Но задается вопрос: «Почему же я не приезжал?» На этот вопрос трудно ответить, но ответить следует.
Конечно, не приезжал я не потому, что лежал больной и был беспомощным. Здоровье мое, конечно, не такое, чтобы я мог где-нибудь в гонках участвовать или какие-нибудь пудовые гири поднимать. Все-таки пережившему обширный инфаркт, а потом два микроинфаркта и инсульт здоровым быть нельзя, но мне крупные специалисты сказали, что другого такого больного в Москве нет, как я: который перенес то, что я перенес, и при этом способен к тому, к чему я способен. Поэтому на болезнь свою я ссылаться не могу. Да, я всегда болен, и вы всегда должны помнить, что в моем положении все легко может быть.

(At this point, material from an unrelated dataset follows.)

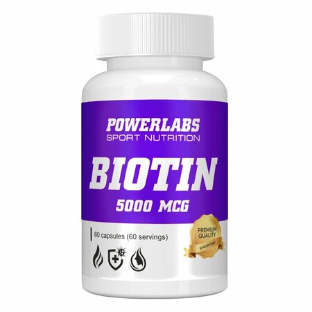 PowerLabs Биотин 5 000 мкг Витамины для волос Бад biotin - является одним из самых действенных препаратов для кожи, волос и ногтей. Биотин 5000 помогает стимулировать выработку собственного коллагена волос. Регулярный прием капсул для роста волос делает волосы более объемными и блестящими, помогает предотвратить сечение по длине и на кончиках. Витамины для волос усиливают их рост, являются лечением или профилактикой сезонного выпадения волос. Функции биотина в организме человека:

Если еще прибавить к этому ужасающую, я бы сказал, бессонницу… Дорогие мои, эта бессонница меня мучает 25 лет. Об этом мне даже трудно говорить. Меня вынуждает обстановка как бы даже хвастаться собой. Чего другого, а хвастать собой у меня нет никакого желания. На уколах таких очень сильно действующих снотворных — как мое сердце выдерживает? Это чудо.
Итак, значит, я не был больным. Тогда почему же все-таки я не приезжал сюда? Один очень близкий для меня человек, можно сказать человек, который в известном смысле обязан мне, может быть, даже своей жизнью, сказал: «А что ему приезжать? У него миллион». Если бы это сказал просто кто-нибудь, но это сказал человек — сын мой, которого я выносил на своей груди! Тогда я решил приехать и с вами побеседовать.
Многие из вас знают меня во всей моей жизни. Вся моя жизнь открыта перед вами. Вы ведь прекрасно знаете, что я был пять лет в соборе и жил в самом собореИмеется в виду Елоховский Богоявленский патриарший собор. — Прим. ред..
Как войдете в собор, на правой стороне будет отгорожена такая, ну, что ли комната. Она разделена на две части. В одной части уборщицы раздевались, а в другой части я жил. Там была громадная батарея, рассчитанная на то, чтобы давать тепло на весь храм. Эту батарею никто не уменьшил, даже отключателя там не сделали. На другой стороне — там все было устроено так, как нужно, потому что там была такая особа, которая была слишком близка к тому человеку, который тогда был во главе храма. А тут никого не было и ничего не было. Как затопят — дышать нечем, как прекратят топку — мерзнешь.
Вы меня простите, мне приходится уже как бы хвастаться перед вами, но давайте уж до конца поговорим сегодня о том, о чем нам необходимо поговорить. Так вот, дорогие мои, а улица, вы знаете, там очень шумная, ночью там грузовики шли и стук был невозможный. А окно выходило как раз вот на эту улицу.
Там я служил пять лет. Мог ли я жить где-нибудь в другом месте? Конечно, нет. Меня многие приглашали, просили, чтобы я у них ночевал. Прекрасные люди — прекрасные, заслуживающие полного доверия. Но я оставался в храме. Утром и вечером. Служил утром, служил вечером, и опять служил утром. Один день в неделю я был свободен, когда я уезжал на дачу. Вот так я там и жил.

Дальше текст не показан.